Ably is a realtime experience infrastructure provider. Our APIs and SDKs help you power realtime functionality for use cases like live chat, multiplayer collaboration, and data broadcast, without having to worry about managing and scaling messy realtime infrastructure.

Ably key features and capabilities

With a globally distributed, multi-region network, we offer unrivaled performance, data integrity, reliability, and scaling guarantees:

  • <65 ms median latency.

  • Guaranteed message ordering and exactly-once delivery, even when network conditions are unreliable.

  • Global edge network providing unparalleled redundancy at regional and global levels, with a 99.999% uptime SLA.

  • Enormous scalability, meaning you can send billions of messages to millions of channels and chat users.
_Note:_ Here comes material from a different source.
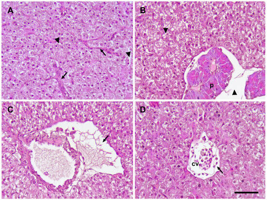 Histopathological changes in the liver of the control and vaccinated groups of common carp exposed to SVCV: (A) hepatitis (congested vessels—arrow) and edema (arrow head) in the liver of control fish; (B) inflammatory edema (arrow head) in liver parenchyma, while pancreas (p) remained intact (KT1); (C) perivascular infiltration with blood serum around the vein (arrow) (SDT4); (D) vacuolated and damaged endothelial cells (arrow) of the central vein (cv) and perivascular infiltration (SRT5). H&E staining. Scale bar: 50 µm.
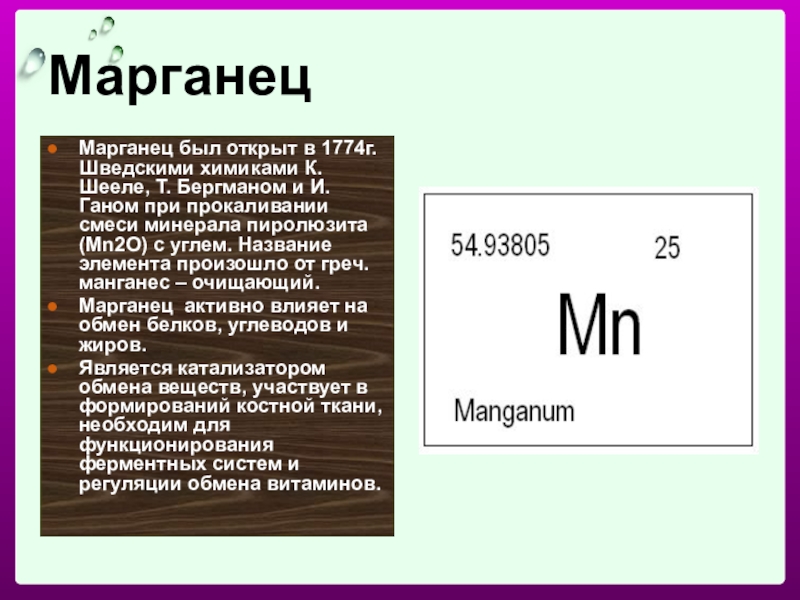 Марганец был открыт в 1774г. Шведскими химиками К. Шееле, Т. Бергманом

Our developer experience is focused on bringing your product to market quickly. In particular, we’ve focused on helping you to integrate Ably with your existing tooling, systems, and preferred languages. As such, we have SDKs for languages and frameworks as diverse as PHP, Flutter, Clojure, tvOS, and NodeJS. We also offer integrations with cloud platforms, data streaming tools, and provisioning tools to make Ably a core part of your infrastructure. Built with real world use cases in mind, Ably offers flexible building blocks tailored to building rich chat experiences, including:

  • Online/offline status

  • Last seen indicators

  • Edit/delete messages

  • Threads

  • Emoji reactions

  • Typing indicators

  • Read receipts

  • Chat admin privileges

  • User avatar

  • Push notifications

See how Ably compares to Sendbird.

We have client SDKs for every major programming language and development platform, and we offer a wide variety of integrations, so you can easily connect Ably to your preferred tech stack.